Some times it take's 2 day's for the fish to go from the breeder to the trans shipper. Then if it's a good trans shipper like mine, He take's the fish and put's them in there own gallon container's. Fresh water and relax, he give's them a meal then wait's 2 day's so he has had the fish a total of 3 day he only gave it a meal on the first because it didnt get a meal for 3 day before getting shipped from breeder. So he give them fresh water a meal and relax for 3 days then he pack's them all up real nice and send's them my way. 
It would suck to throw a fish around the world in a little bag, and then drop him into a new bag with fresh air a send him on another ride. Yes I want my fish like right now, but I am wanting a happy stress free fish as much as I can..


----------



## vilmarisv (Apr 17, 2010)

Well I emailed Linda last night again but ended up calling a minute ago. She said she'll FedEx my fish today!!
Woop!! I was just starting to get nervous as it is my first time.


----------



## germanchick09 (Jul 27, 2010)

good luck!


----------



## Zoelie (May 14, 2010)

vilmarisv said:


> Well I emailed Linda last night again but ended up calling a minute ago. She said she'll FedEx my fish today!!
> Woop!! I was just starting to get nervous as it is my first time.


Good  I hope they get to you safe and sound!


----------



## vilmarisv (Apr 17, 2010)

Thank you!


----------



## vilmarisv (Apr 17, 2010)

I got my package! I got my package!!!
But I cannot open it bc I'm at work. AHHHHHH!
So its sitting on my desk :-(


----------



## Zoelie (May 14, 2010)

vilmarisv said:


> I got my package! I got my package!!!
> But I cannot open it bc I'm at work.

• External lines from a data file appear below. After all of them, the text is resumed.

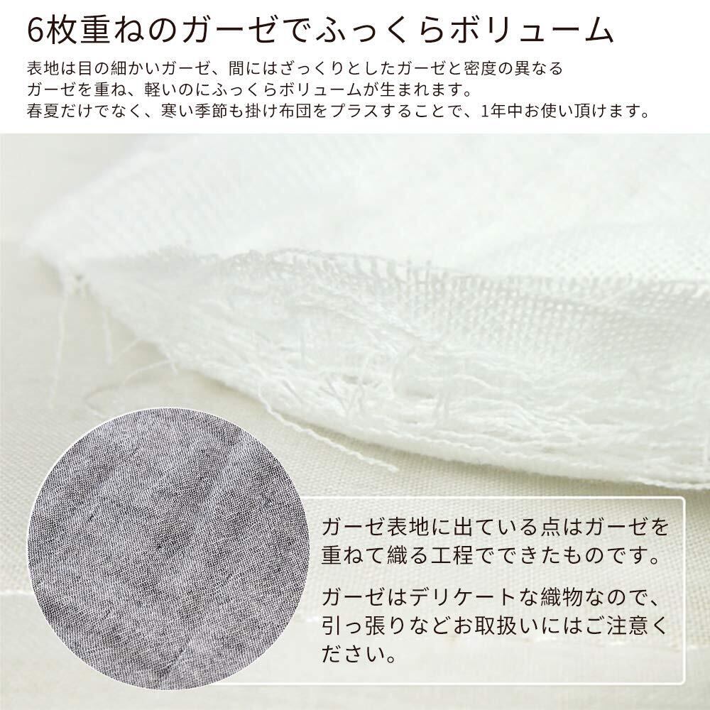 【6枚重ねのガーゼでふっくらボリューム】贅沢なボリュームと、とろけるような肌触りに包まれるガーゼです。6層に重ね織られたガーゼがたっぷりと空気を含み、ふかふかのボリュームと柔らかさを感じられます。 表地は目の細かいガーゼ、間にはざっくりとしたガーゼと密度の異なるガーゼを重ね、軽いのにふっくらボリュームが生まれます。春夏だけでなく、寒い季節も掛け布団をプラスすることで、1年中お使い頂けます。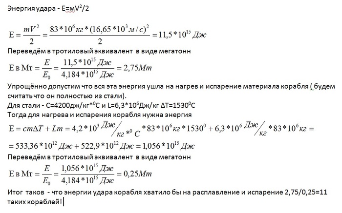 Понять масштаб происшествия поможет энергия удара.- для её нахождения нужна масса и скорость корабля. Массу мы знаем - m=83000т=83 000 000 кг. Скорость корабля - нам неизвестна, но можно попытаться принять по её минимальному её значению для межпланетных путешествий - это третья космическая скорость равная V=16,65км/с/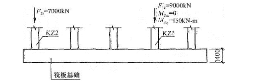 某安全等级为二级的高层建筑采用钢筋混凝土框架结构。柱截面尺寸900mm×900mm,如图所示。柱采用平板式筏基,板厚1.4m,均匀地基。荷载效应由永久荷载控制。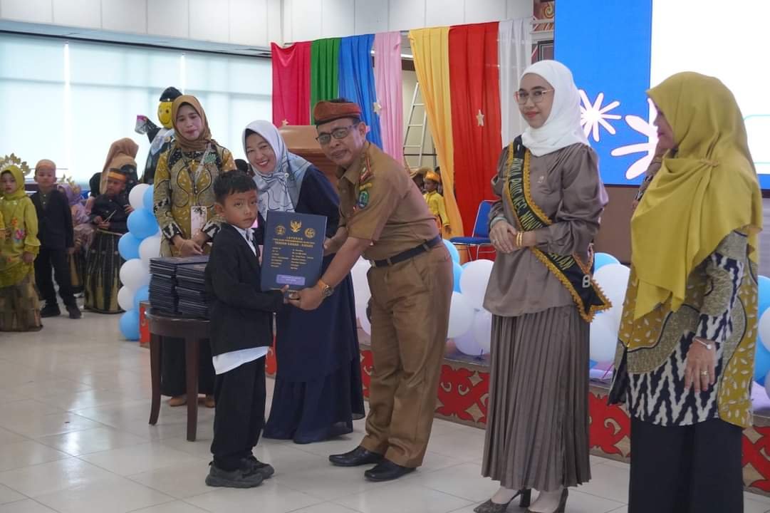 NUNUKAN, Kaltaraaktual.com– Senyum sumringah rona bahagia Muhammad Izzat Archa Darmawan, siswa TK Negeri Pembina Nunukan Selatan itu sepertinya tak terbendung lagi. Bersama 56 siswa lainnya Izzat bergembira dalam sebuah momen pelepasan dan gelar karya siswa siswi TK Negeri Pembina Nunukan Selatan Angkatan XVII Tahun Ajaran 2022-2023 yang digelar di Ruang Pertemuan Lt. V Kantor Bupati Nunukan, Selasa (20/06/2023).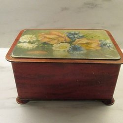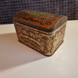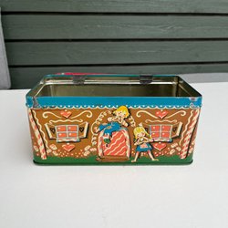 En jättesöt plåtlåda med motiv av plommon på framsidan. Dess lock är rött och själva asken är vit/beige.

AHHHHHH!
> So its sitting on my desk :-(


D: You may want to..if they are DOA I believe most sellers ask for a picture of the un-opened bag with the fish in it within a hour of the package arriving or they won't refund/replace the fish. :|

I hope they are ok though  I'm waiting on a fish to arrive also any time now also!


----------



## FloridaBettas239 (Jun 29, 2010)

That must be a messed up breeder, I sent pictures to my breeder a week later and told him the fish is not acting right so he sent a sibling brother for free. I did everything he asked and the fish still wasn't acting right so he gave me a free fish, it ain't like my fish was DOA. But he still sent a new fish no charge. That's a good breeder.


----------



## Zoelie (May 14, 2010)

FloridaBettas239 said:


> That must be a messed up breeder, I sent pictures to my breeder a week later and told him the fish is not acting right so he sent a sibling brother for free. I did everything he asked and the fish still wasn't acting right so he gave me a free fish, it ain't like my fish was DOA. But he still sent a new fish no charge. That's a good breeder.


True, was just warning because on most breeder's pages that seems to be a common policy to e-mail within a certain time-frame


----------



## 1fish2fish (Sep 10, 2009)

Most breeders I see have some sort of policy like that. Simply because a lot of people don't know how to properly acclimate a new fish. People want a freebie because they killed their fish because they didn't acclimate it.


----------



## vilmarisv (Apr 17, 2010)

Zoelie said:


> D: You may want to..if they are DOA I believe most sellers ask for a picture of the un-opened bag with the fish in it within a hour of the package arriving or they won't refund/replace the fish. :|
> 
> I hope they are ok though  I'm waiting on a fish to arrive also any time now also!


Mine gives 24hrs 
I'm dying to see my fishes!!!!!!!


----------



## Zoelie (May 14, 2010)

vilmarisv said:


> Mine gives 24hrs
> I'm dying to see my fishes!!!!!!!


That's good  Make sure to take lots of pictures :-D


----------